Realmente desconstruíram toda a imagem da presidenta para uma louca, doida varrida que quebra móveis e grita com subordinados. A QUE PONTO A MÍDIA TENDENCIOSA CHEGA!                                                                                                                                                                                                         

Gaslighting é uma cultura tão naturalizada, e a grande mídia faz questão de impulsionar isso. 

E não acontece só com o Brasil, se pesquisarmos direitinho a Hillary Clinton, candidata a presidência dos EUA tem sido alvo preferido da mídia americana; A chanceler da Alemanha Angela Merkel, já foi retratada como um ciborgue em uma capa de revista; Christina Kirchner ex-presidente da Argentina, era hipersexualizada e retratada na mídia como "louca e vaidosa"; Michelle Obama é também um alvo em potencial nos Estados Unidos; 

Veja mais sobre essas capas nesse post do Think Olga: 



Não é mimimi. É sexismo. Quer uma prova? 


Eduardo Cunha tem histórico de corrupção, contas na Suíça e afins...

Até agora, eu, Gabriele, não vi ninguém falar de Eduardo Cunha como se ele fosse louco, como se ele estivesse perdendo a linha na câmara quando acusaram ele.  

Sérgio Moro tá brincando de esconde-mostra mostra-esconde, e não tô vendo ninguém falar da sanidade dele, enquanto ele joga na mídia áudios que não falam nada a se aproveitar sobre Dilma e Lula e esconde uma lista de corrupção na Odebrecht, onde não consta os nomes de Dilma Rousseff e Lula. 
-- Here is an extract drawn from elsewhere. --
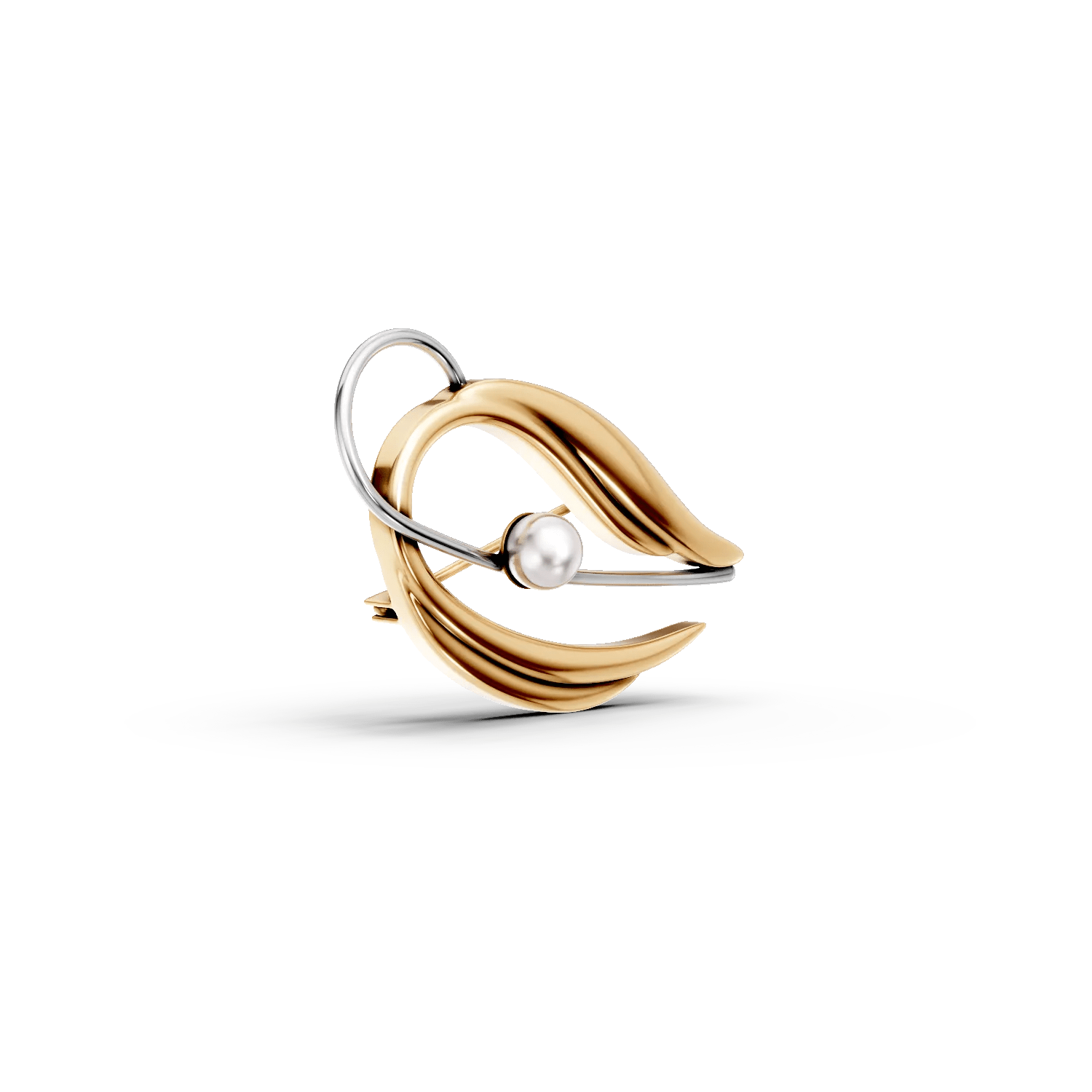 Această broșă din aur alb-galben, decorată cu o perlă sintetică, îți subliniază eleganța prin detalii fine. Suprafața netedă a perlei reflectă lumină subtil, accentuând frumusețea bijuteriei. Aurul bicolor completează aspectul sofisticat cu un contrast delicat, perfect pentru femeile care apreciază detaliile rafinate.

Vale lembrar que não sou petista, só gosto do que é certo. 

Então acho que está claro que não é só contra Dilma essas acusações, ou só contra Hillary, contra Angela ou contra Christina. É contra a condição feminina. É contra o fato de ter uma mulher à frente de um país. É contra as mulheres. 

E como essas revistas circulam feito água, natural que a cultura do gaslighting seja sempre fortalecida e incentivada a nível nacional/mundial. 

A mídia elitista branca que criou o estereótipo da mulher negra irritada (o que também é gaslighting), é a mesma mídia que está cultivando uma geração machista fazendo a propagação do gaslighting ficar cada vez maior. 

Ou seja, vamos combater isso para 'desnaturalizar' algo tão nocivo e deturpante à condição feminina, porque isso não ofende só elas, como a todas nós mulheres. 

Não vamos nos calar, não vamos deixar passar, estamos juntas e não somos histéricas e muito menos loucas! Vamos em luta!